Your objective » The answer is the data repeated in full, with no pictures included.

Provided information »
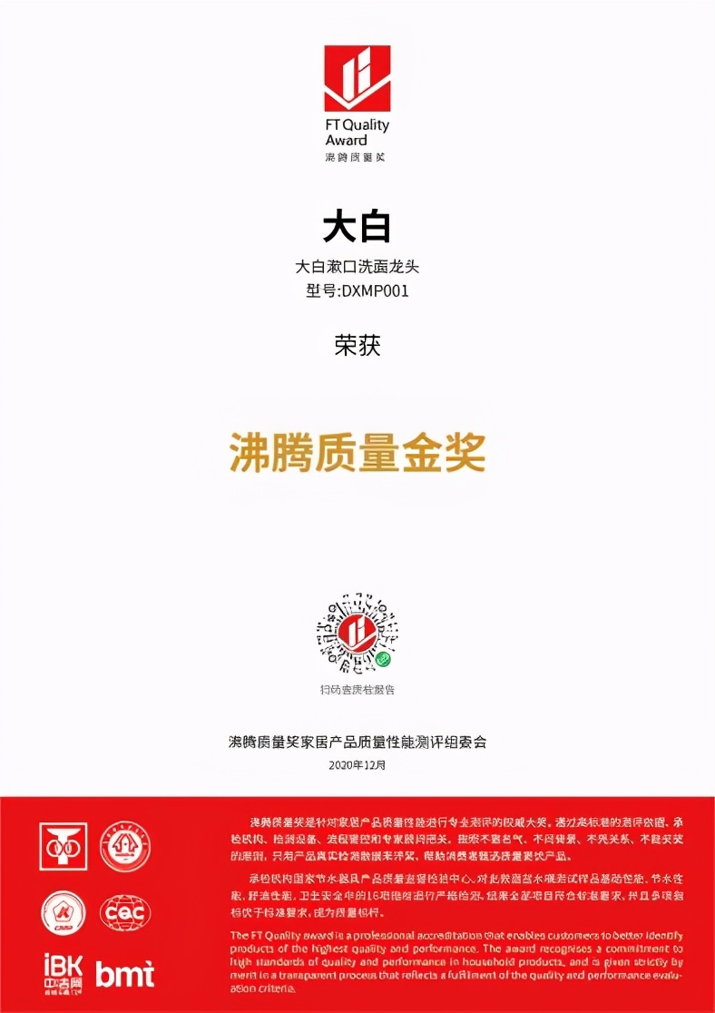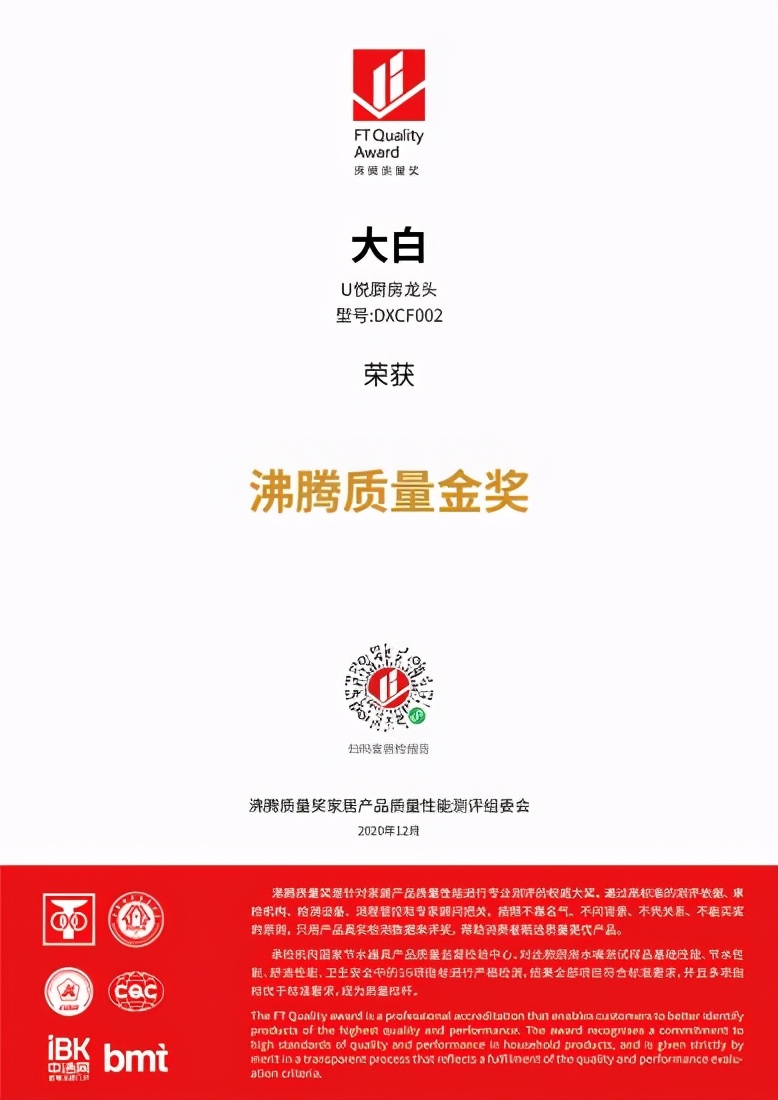 厦门大白从13大家居品类、195家参评品牌、396款参评产品中锋芒毕露,一举拿下四项质量大奖,其间三款参评产品荣获「欢腾质量金奖」。据悉,欢腾质量金奖是欢腾质量奖测评中颁布的最高奖项,代表了该品类当时质量顶配水平。参与欢腾质量奖综合奖全项测评,一切项目都到达规范要求以上,各项功能指标杰出,而且总得分名列同批样品前十名才有时机获此荣誉。
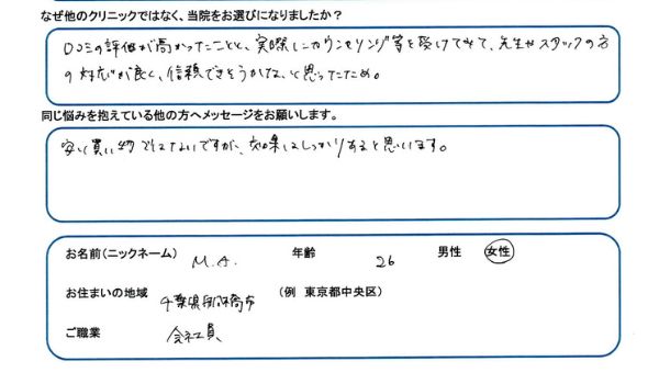 - 気持ちが楽になった。悩みがなくなって、ブーツの試着が楽しくなりました。【S.S 40 女性 千葉県 会社員】
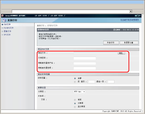 如果通过输入PDF文件的URL指定打印该文件,则此PDF文件下载完毕或浏览器从网络服务器断开连接之后,才能处理下一打印作业。
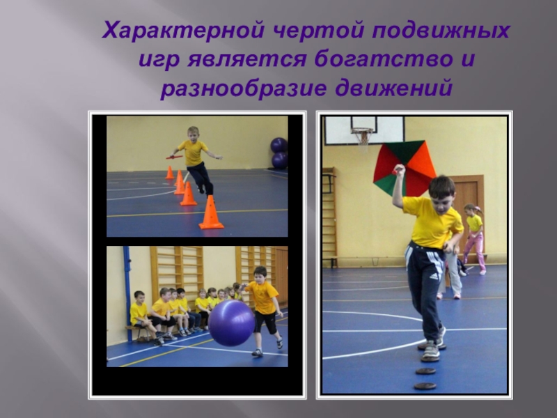 Слайд 17Характерной чертой подвижных игр является богатство и разнообразие движений
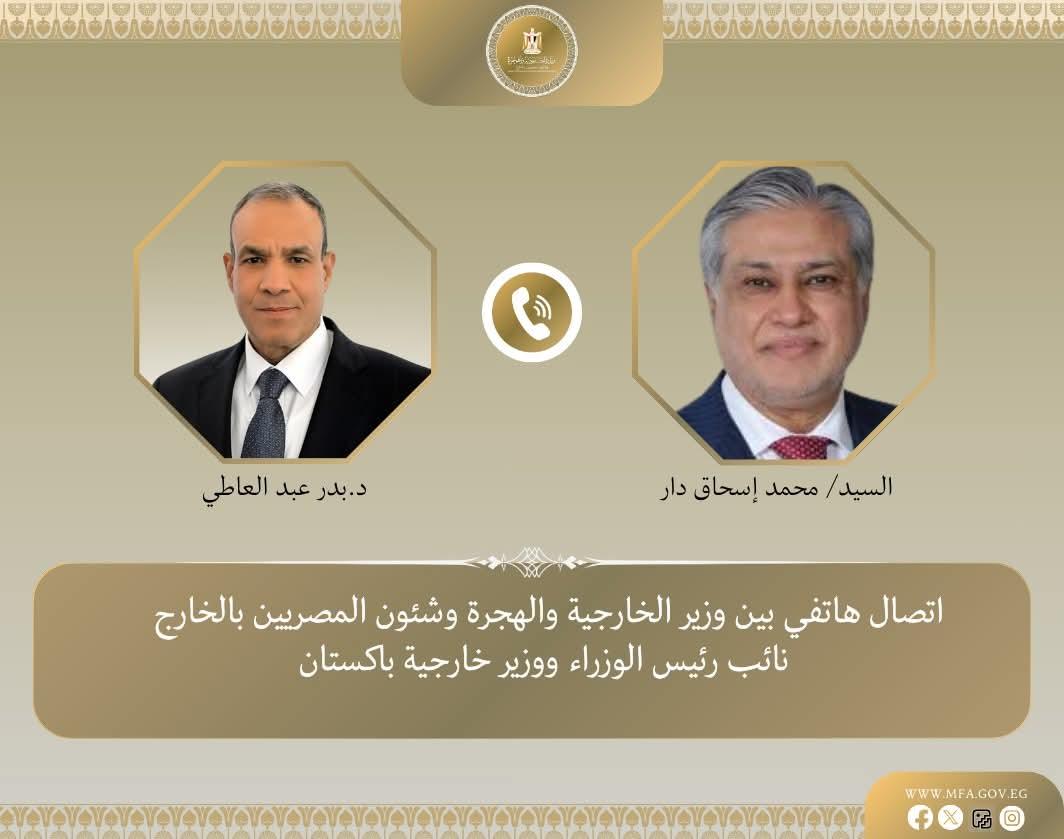 جرى اتصال هاتفي بين د. بدر عبد العاطي وزير الخارجية والهجرة وشئون المصريين بالخارج، يوم الاحد ٤ يناير ٢٠٢٦، والسيد محمد إسحاق دار نائب رئيس الوزراء ووزير خارجية جمهورية باكستان الإسلامية، حيث تناول الاتصال سبل تعزيز العلاقات الثنائية والتشاور حول عدد من القضايا الإقليمية والدولية ذات الاهتمام المشترك.
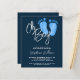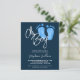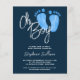 These modern budget baby shower invitations are decorated with Oh Boy! in stylish script typography and cute watercolor baby's feet in pastel blue on a navy blue background.
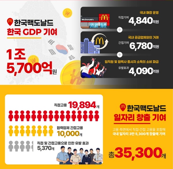 발표에 따르면 먼저 맥도날드의 연간 국내 GDP 기여 금액은 1조5700억 원, 직접 기여분 4840억 원으로 조사됐다. 간접기여는 6780억 원, 유발 효과는 4090억 원이다. 맥도날드의 사업 활동이 식자재, 물류, 유통, 서비스 등 다양한 산업으로 연결되며 한국 경제 전반에 연쇄적인 부가가치를 창출하고 있음을 보여주는 대목이다.
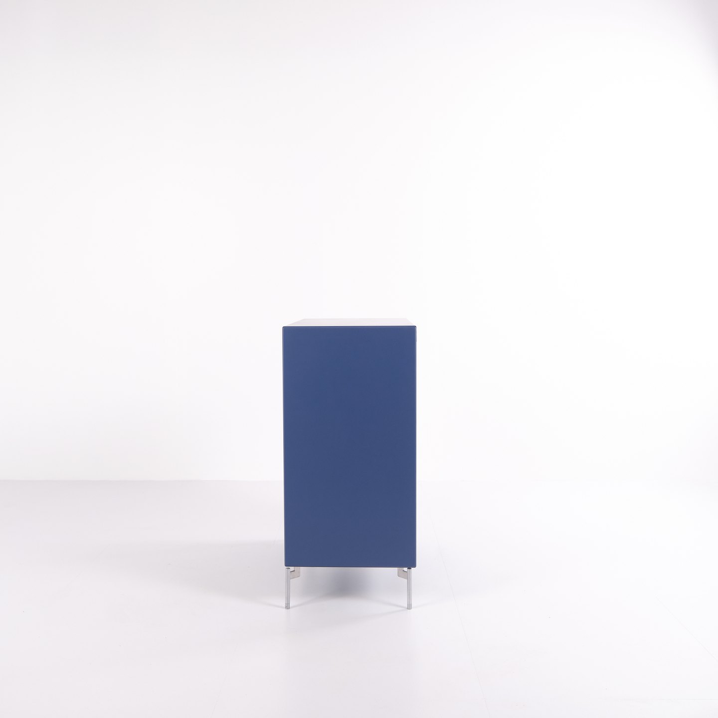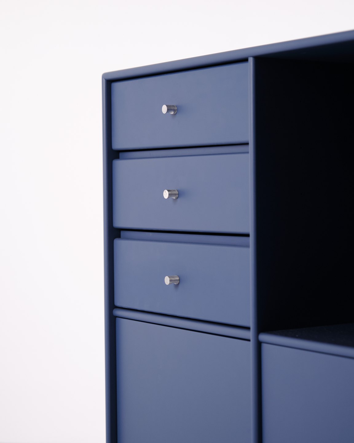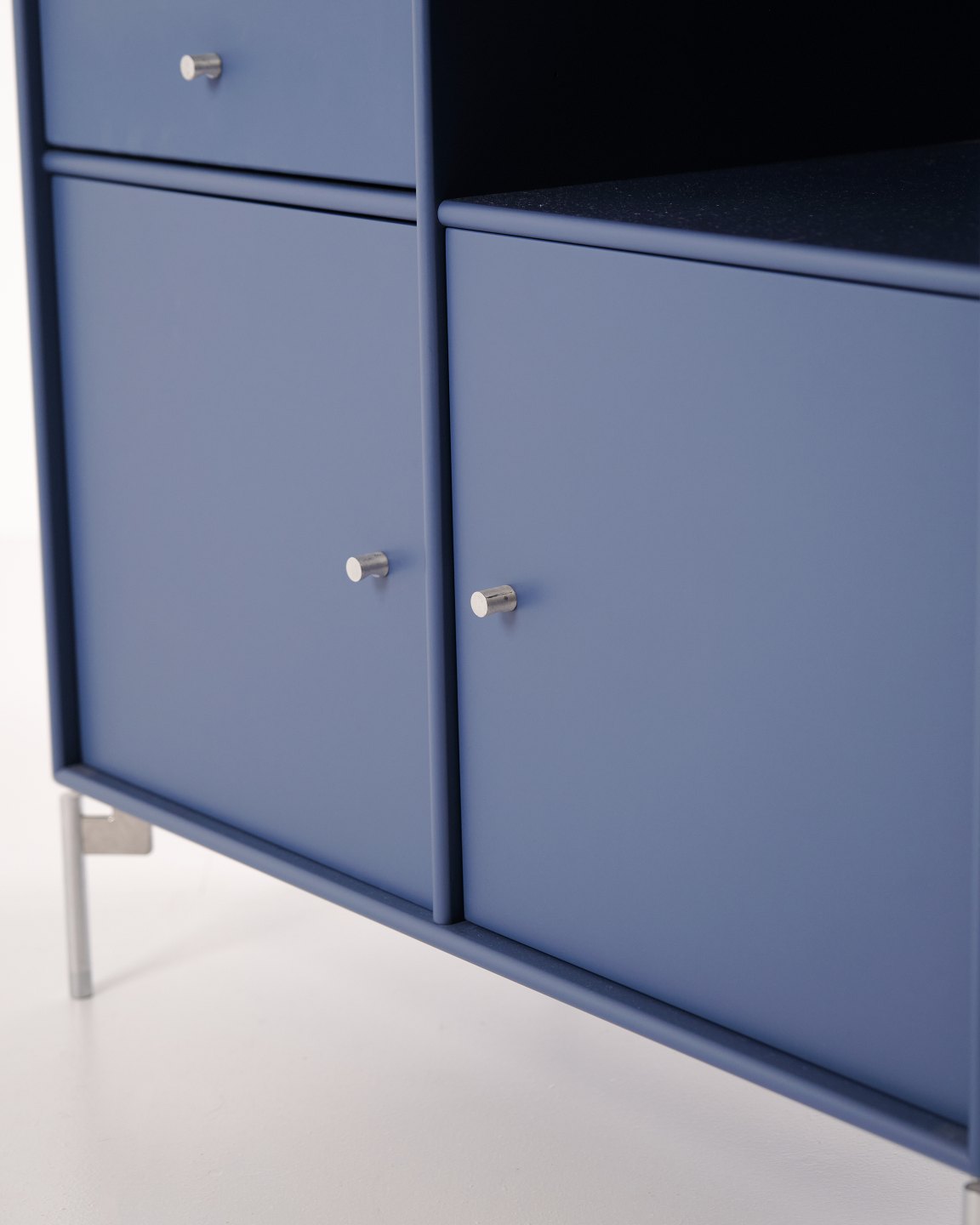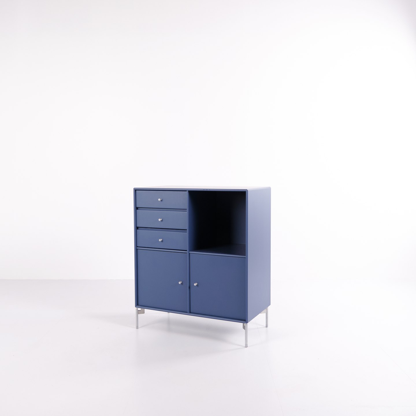 Beskrivelse: Montana kommode i blå med krom ben. Modulet er indrettet med tre skuffer og to låger, hvilket giver god og fleksibel opbevaringsplads. Klassisk Montana-design med enkel struktur og høj funktionalitet.

Reply »
 厦门大白从13大家居品类、195家参评品牌、396款参评产品中锋芒毕露,一举拿下四项质量大奖,其间三款参评产品荣获「欢腾质量金奖」。据悉,欢腾质量金奖是欢腾质量奖测评中颁布的最高奖项,代表了该品类当时质量顶配水平。参与欢腾质量奖综合奖全项测评,一切项目都到达规范要求以上,各项功能指标杰出,而且总得分名列同批样品前十名才有时机获此荣誉。
 - 気持ちが楽になった。悩みがなくなって、ブーツの試着が楽しくなりました。【S.S 40 女性 千葉県 会社員】
 如果通过输入PDF文件的URL指定打印该文件,则此PDF文件下载完毕或浏览器从网络服务器断开连接之后,才能处理下一打印作业。
 Слайд 17Характерной чертой подвижных игр является богатство и разнообразие движений
 جرى اتصال هاتفي بين د. بدر عبد العاطي وزير الخارجية والهجرة وشئون المصريين بالخارج، يوم الاحد ٤ يناير ٢٠٢٦، والسيد محمد إسحاق دار نائب رئيس الوزراء ووزير خارجية جمهورية باكستان الإسلامية، حيث تناول الاتصال سبل تعزيز العلاقات الثنائية والتشاور حول عدد من القضايا الإقليمية والدولية ذات الاهتمام المشترك.
 These modern budget baby shower invitations are decorated with Oh Boy! in stylish script typography and cute watercolor baby's feet in pastel blue on a navy blue background.
 발표에 따르면 먼저 맥도날드의 연간 국내 GDP 기여 금액은 1조5700억 원, 직접 기여분 4840억 원으로 조사됐다. 간접기여는 6780억 원, 유발 효과는 4090억 원이다. 맥도날드의 사업 활동이 식자재, 물류, 유통, 서비스 등 다양한 산업으로 연결되며 한국 경제 전반에 연쇄적인 부가가치를 창출하고 있음을 보여주는 대목이다.
 Beskrivelse: Montana kommode i blå med krom ben. Modulet er indrettet med tre skuffer og to låger, hvilket giver god og fleksibel opbevaringsplads. Klassisk Montana-design med enkel struktur og høj funktionalitet.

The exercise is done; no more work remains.